What is required: Nothing but the lines from the start of the data through the line with "A study optimizes" should appear in the answer, each retyped exactly, and pictures should not.

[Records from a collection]
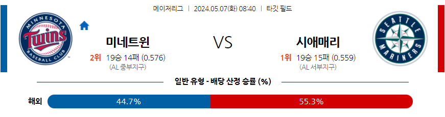[킹콩티비] 05월 07일 미네소타 vs 시애틀 MLB 생중계, 스포츠분석,스포츠중계
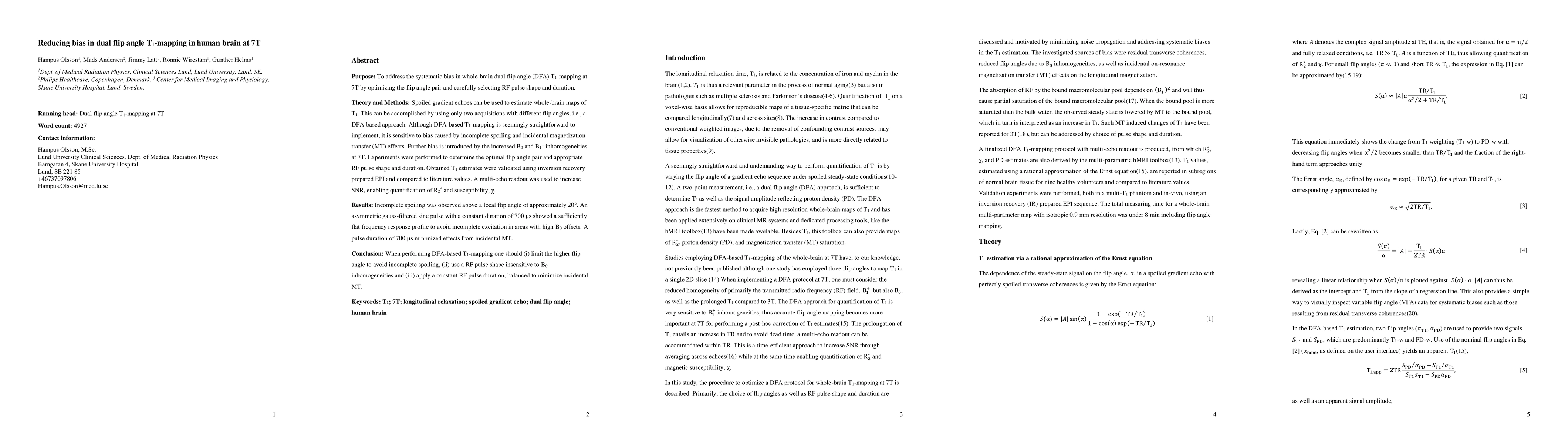 A study optimizes flip angle pairs and RF pulse shapes to reduce bias in dual flip angle T1-mapping at 7T magnetic field strength, improving accuracy of brain tissue characterization.
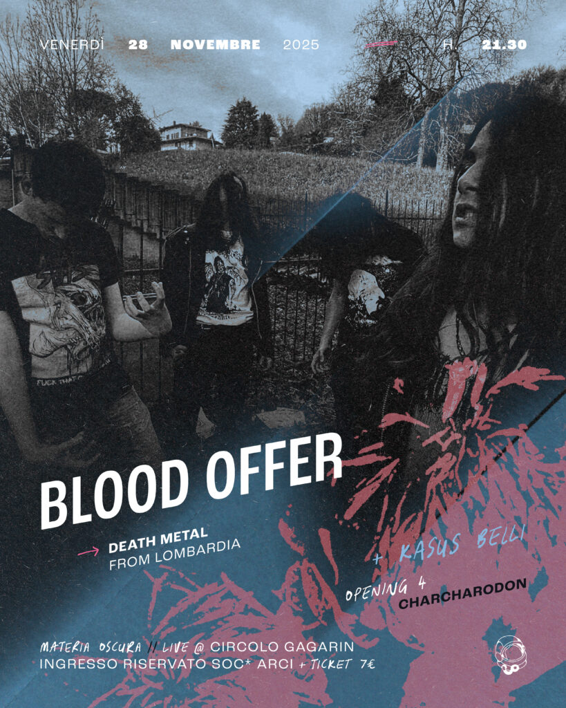 IΒ Blood Offer nascono a fine 2022, fondati da Cerberio (chitarra e voce). Dopo diversi cambi di formazione, a fine 2023 la band registra un EP di puro, viscerale, grezzo e primitivo old school death metal, “Into Evil Rites”, via Unholy Domain Records, debuttando all’A Journey in Darkness Fest. Dopo una serie di live catacombali la band entra nell’abominevole Macabro Bunker per dare vita al loro full length di debutto “All That Dies… Is Forsaken”, 38 minuti di un death metal macabro, brutale e tagliente, pubblicato sotto l’americana Iron Fortress Records il 5 settembre 2025.
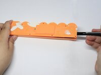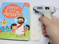Using a hot glue gun to reattach the sound case to the book and press it for a few seconds.
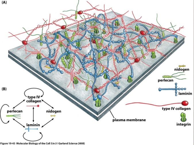 层粘连蛋白(LN)、Ⅳ型胶原(CIV)是基底膜的组成成分,基底膜是细胞外基质的特化结构、位于内皮细胞的基底面以及血管内皮细胞的内表面,包绕肌肉与脂肪组织。

Task output:
[킹콩티비] 05월 07일 미네소타 vs 시애틀 MLB 생중계, 스포츠분석,스포츠중계
 A study optimizes flip angle pairs and RF pulse shapes to reduce bias in dual flip angle T1-mapping at 7T magnetic field strength, improving accuracy of brain tissue characterization.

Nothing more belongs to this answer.